#### [RECORDS SHOWN]
·····
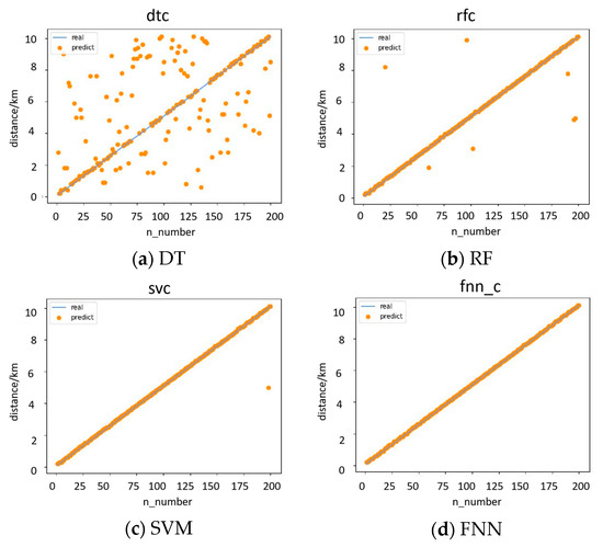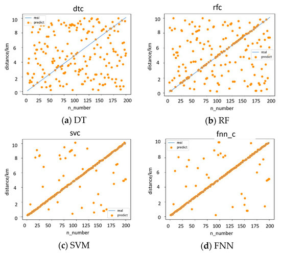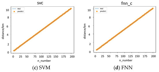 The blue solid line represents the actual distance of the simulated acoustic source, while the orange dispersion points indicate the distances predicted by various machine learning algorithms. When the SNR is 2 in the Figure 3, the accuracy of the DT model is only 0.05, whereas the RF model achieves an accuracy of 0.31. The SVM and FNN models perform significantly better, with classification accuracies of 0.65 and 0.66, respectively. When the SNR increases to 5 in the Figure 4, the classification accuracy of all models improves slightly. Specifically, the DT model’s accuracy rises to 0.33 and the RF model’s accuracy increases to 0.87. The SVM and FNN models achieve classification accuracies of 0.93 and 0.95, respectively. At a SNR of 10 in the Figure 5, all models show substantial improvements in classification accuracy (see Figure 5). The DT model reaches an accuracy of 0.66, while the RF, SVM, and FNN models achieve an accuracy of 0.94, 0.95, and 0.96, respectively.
·····
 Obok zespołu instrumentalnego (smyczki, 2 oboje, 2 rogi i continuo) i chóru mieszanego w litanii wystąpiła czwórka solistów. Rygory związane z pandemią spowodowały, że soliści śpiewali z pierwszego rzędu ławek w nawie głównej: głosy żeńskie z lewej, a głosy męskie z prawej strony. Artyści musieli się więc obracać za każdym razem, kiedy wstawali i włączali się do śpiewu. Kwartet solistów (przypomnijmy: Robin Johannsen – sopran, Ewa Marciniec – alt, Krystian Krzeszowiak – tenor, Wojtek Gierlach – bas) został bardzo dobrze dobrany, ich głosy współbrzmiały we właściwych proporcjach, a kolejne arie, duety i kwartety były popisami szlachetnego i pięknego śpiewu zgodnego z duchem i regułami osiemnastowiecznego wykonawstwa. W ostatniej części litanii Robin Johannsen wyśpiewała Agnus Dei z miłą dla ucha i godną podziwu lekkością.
·····
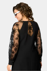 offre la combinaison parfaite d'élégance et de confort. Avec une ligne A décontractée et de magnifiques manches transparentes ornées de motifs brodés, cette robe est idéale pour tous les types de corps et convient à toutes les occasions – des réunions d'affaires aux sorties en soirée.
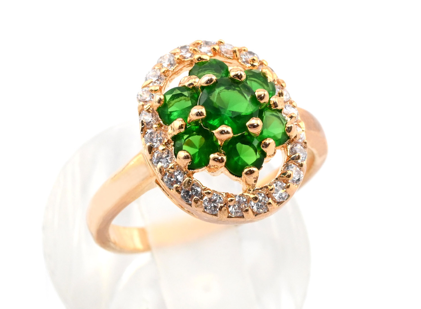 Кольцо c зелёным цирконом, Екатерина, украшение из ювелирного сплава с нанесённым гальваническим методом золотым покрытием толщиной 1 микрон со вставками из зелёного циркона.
·····
#### [ASSIGNED TASK]
Starting with the line that has "offre la combinaison" and ending with the line that has "Кольцо c зелёным", repeat the lines above exactly, omitting every picture.

#### [OUTPUT OF THE EXERCISE]
 offre la combinaison parfaite d'élégance et de confort. Avec une ligne A décontractée et de magnifiques manches transparentes ornées de motifs brodés, cette robe est idéale pour tous les types de corps et convient à toutes les occasions – des réunions d'affaires aux sorties en soirée.
 Кольцо c зелёным цирконом, Екатерина, украшение из ювелирного сплава с нанесённым гальваническим методом золотым покрытием толщиной 1 микрон со вставками из зелёного циркона.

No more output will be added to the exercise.